Here’s your plan for next Saturday or Sunday: Head to the Contemporary Jewish Museum downtown to check out a very interesting home-and-design exhibit, and make sure you leave room for lunch at Wise Sons’ museum outpost. The Jewish deli has a full restaurant in the Mission and very fittingly opened a branch at the museum in early 2014. Same food options, same deliciousness. I am not a big reuben fan, but Wise Sons’ version of the sandwich is excellent. You can choose from pastrami (which I tried, and is reportedly rubbed with coriander and black pepper and then smoked over hickory for seven hours), corned beef, smoked turkey or even a veggie option (done with king trumpet mushrooms). Even the standard turkey sandwich was amazing. Pickled red onions hit the spot and dressed it up. Wise Sons also serves De La Paz coffee, made practically down the street on Mission.
I’d love to go back to try the grilled cheese (made with cheddar on challah, whoa) and matzo ball soup.

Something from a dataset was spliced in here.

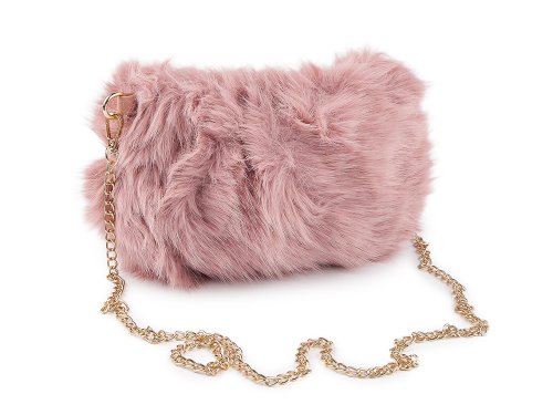 Kožešinová kabelka s kovovým řetízkem 24x19 cm - pudrová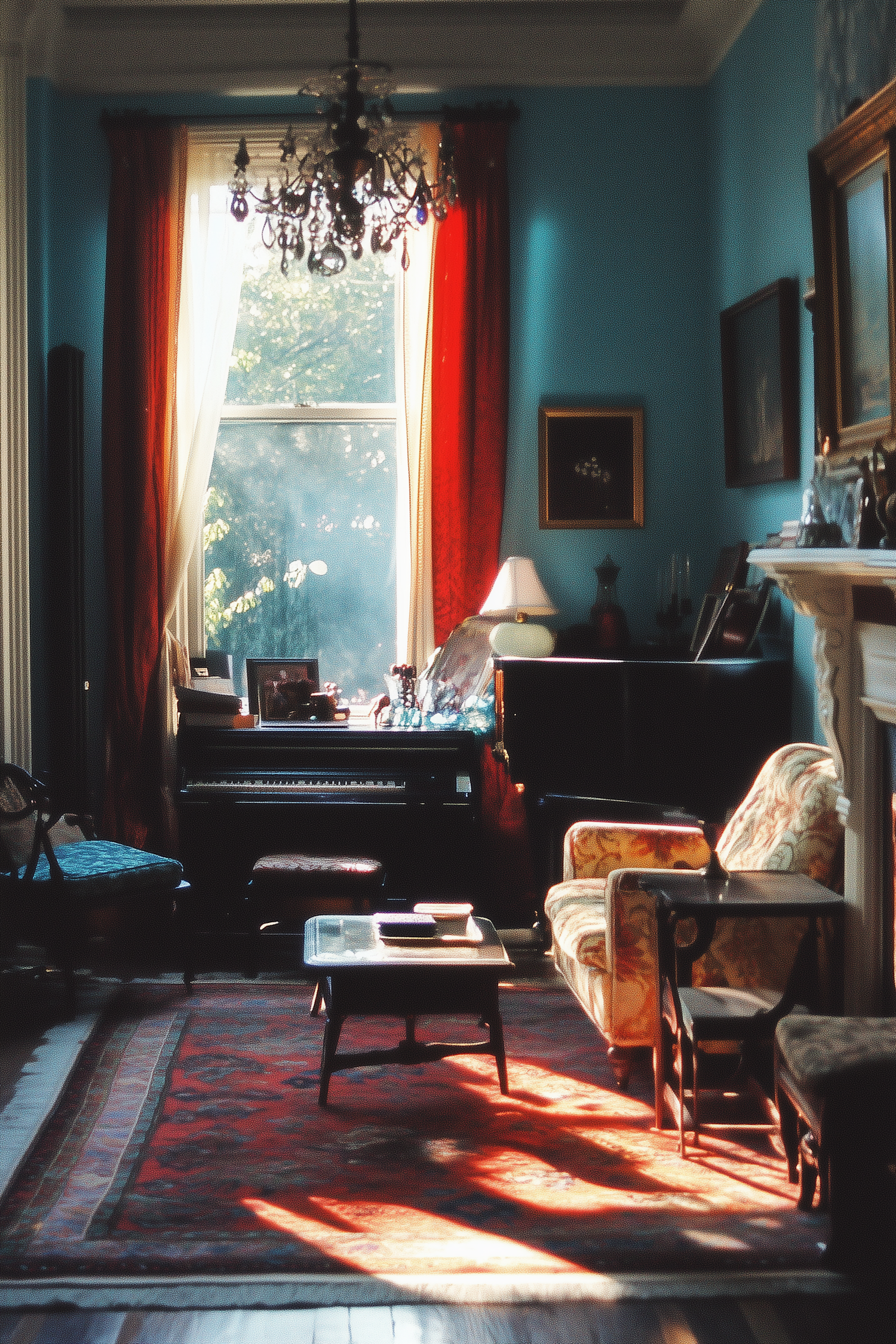 Vintage living room with piano, floral armchair, Persian rug, chandelier, and natural light through red and sheer curtains.

Leave it to a San Franciscan to have her first breakfast in Manhattan be avocado toast. But Cafe Gitane — a wonderful little French/Moroccan spot in Nolita — does it quite well, perhaps better than some West Coast cafes. It is absolutely sublime when paired with an order of baked eggs with basil, tomato and cream. My only complaint about the eggs was that the yolks were not runny at all, but the flavor more than enough made up for it. I wish I could have returned for lunch or dinner, because many other menu items look delicious.
Cafe Gitane // 113 Jane St. and 242 Mott St., New York City
Reveille Coffee Co.’s relatively new outpost at Castro & 18th (opened in February) isn’t to be missed. Beyond high-quality coffee, they have plenty of food options: an array of those famous hipster toasts, yogurt + granola, salads and sandies. Too bad I didn’t realize and came with on a full stomach, only prepared for the coffee. It’s a really beautiful space, with indoor and outdoor seating a’plenty.
I kind of feel like I cheated on my own neighborhood gem of a cafe when I went to Jane this past weekend and – gasp – liked it better.
But Jane really has it all. Stumptown coffee, unique fresh baked treats, breakfast sandies, plenty of lunch options, really cool black-and-white striped table tops, awesome location. Just one of those places.